Compound electronegativity
One property that is often used in high-throughput screening where band alignment is important is the
compound electronegativity. Ginley and Butler showed how the simple geometric mean of the
electronegitivities of a compound could be used to predict flat band potentials 4. smact
has a built
in function to calculate this property for a given composition.
import smact.properties
compound_electronegs = [smact.properties.compound_electroneg(elements = a[0], stoichs = a[1]) for \\
a in allowed_combinations]
print(compound_electronegs)
[4.319343517137848,
4.729831837874991,
4.462035251666306,
4.337155845378665,
5.0575817742802025,
4.777171739263751,
4.427325394494835,
5.34030430325585,
4.583732423414276,
4.980129115226567,
4.652147502981397,
5.284089129411956,
4.726884428924315,
4.373001170931816,
4.808336266651247,
5.041995471272069,
4.587722671269271,
5.437592861777965,
5.010966817423813,
4.964781503487637,
4.768922515748819,
4.409142747625072,
5.74200359520417,
4.677126472294396]
Interfacing to machine learning
When preparing to build machine learning models, we have to convert the chemical compositions into
something that can be fed into an algorithm. Many of the properties provided in smact
are suitable for this,
one can take properties like electronegativity, mass, electron affinity, etc. (for the full list see
smact Python package).
One useful representation in machine learning is the one-hot-vector formulation. A similar construction to this can be used to encode a chemical formula. A vector of length covering the periodic table is constructed and each element is set to a number corresponding to the stoichiometric ratio of that element in the compound. For example we could convert \(Ba(OH)_2\)

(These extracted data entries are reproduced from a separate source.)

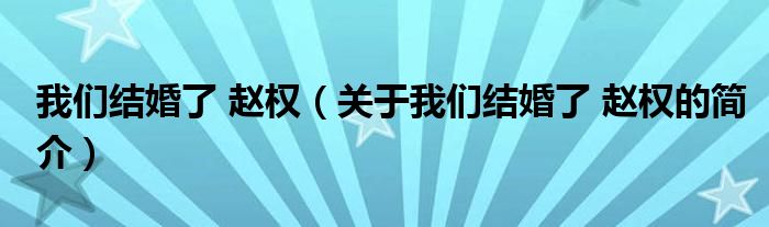 大家好,我們結婚了 趙權,關于我們結婚了 趙權的簡介很多人還不知道,現在讓我們一起來看看吧!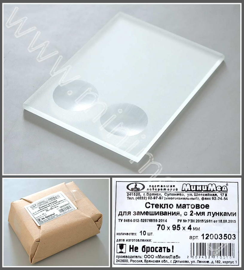 Представляет собой стеклянную пластину со шлифованными краями, глянцевой поверхностью с одной стороны и матовой - с другой. Предназначено для замешивания порошков и других материалов при лабораторных работах. Изготовлено из прозрачного бесцветного силикатного стекла.
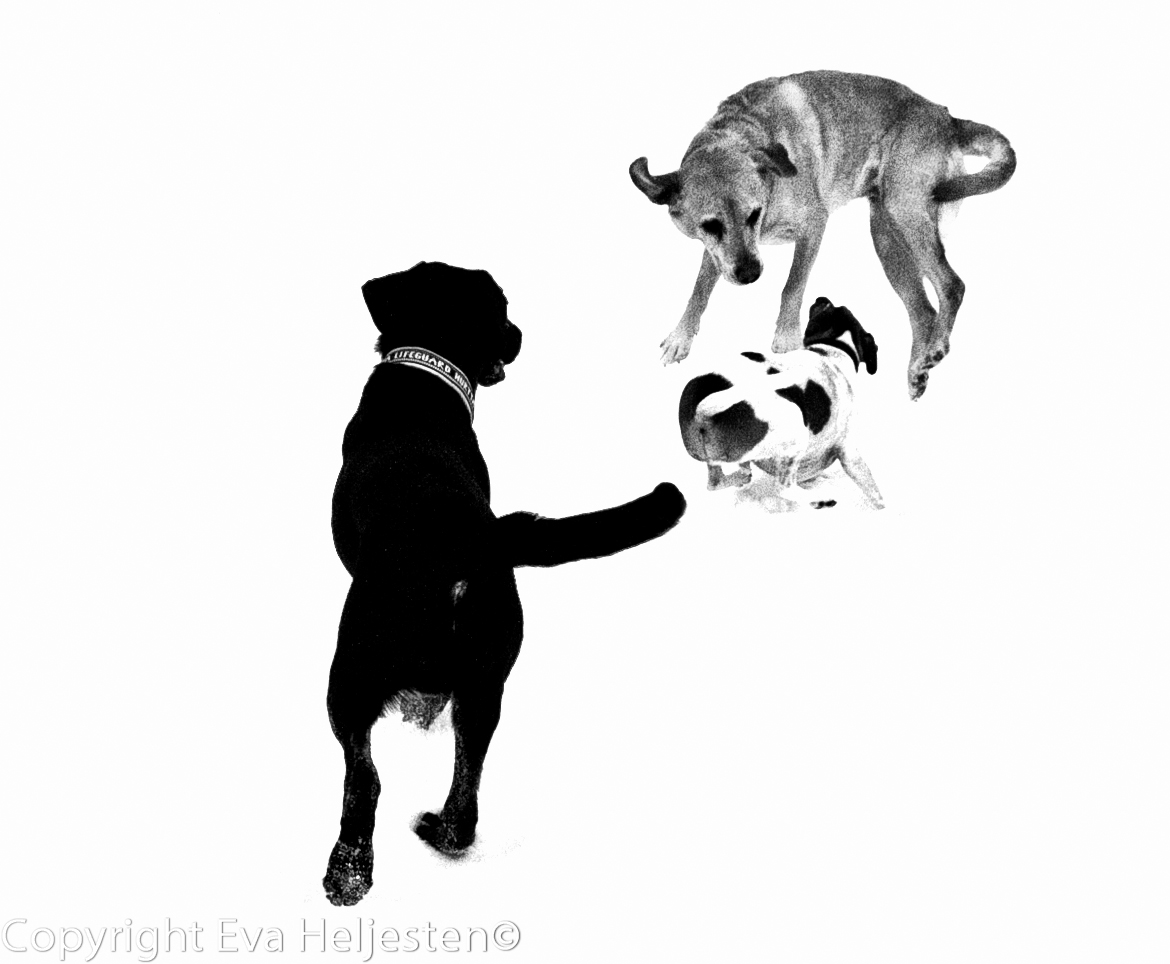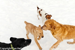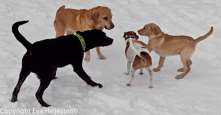 Idag fick vi fint besök av labbarna Alpha och Cheysie samt flatten Tindra. Tanken var dels att låta Kasper och Lakrits få träffa Cheysie, 12 veckor, eftersom hon ska vara hos oss en dag framöver när matte far på annat, och dels att jag skulle få träna stadga och passivitet med Lakrits medan Tindra tränade lite linjetag och sådant.

ml_vector = smact.screening.ml_rep_generator(['Ba', 'H', 'O'], stoichs=[1, 2, 2])
There is also an example demonstrating the conversion of charge-neutral compositions produced by smact to a list of formulas using Pymatgen, or to a Pandas dataframe, both of which could then be used as input for a machine learning algorithm. For a full machine learning example that uses smact, there is a repository here which demonstrates a search for solar energy materials from the four-component (quaternary) oxide materials space.
- 1
“Revised effective ionic radii and systematic studies of interatomic distances in halides and chalcogenides” Acta Cryst. A. 32, 751–767 (1976).
- 2
“Crystal structure and chemical constitution” Trans. Faraday Soc. 25, 253-283 (1929).
- 3
“Deep neural networks for accurate predictions of crystal stability” Nat. Comms. 9, 3800 (2018).
- 4
“Prediction of flatband potentials at semiconductor‐electrolyte interfaces from atomic electronegativities” J. Electrochem. Soc. 125, 228-232 (1975).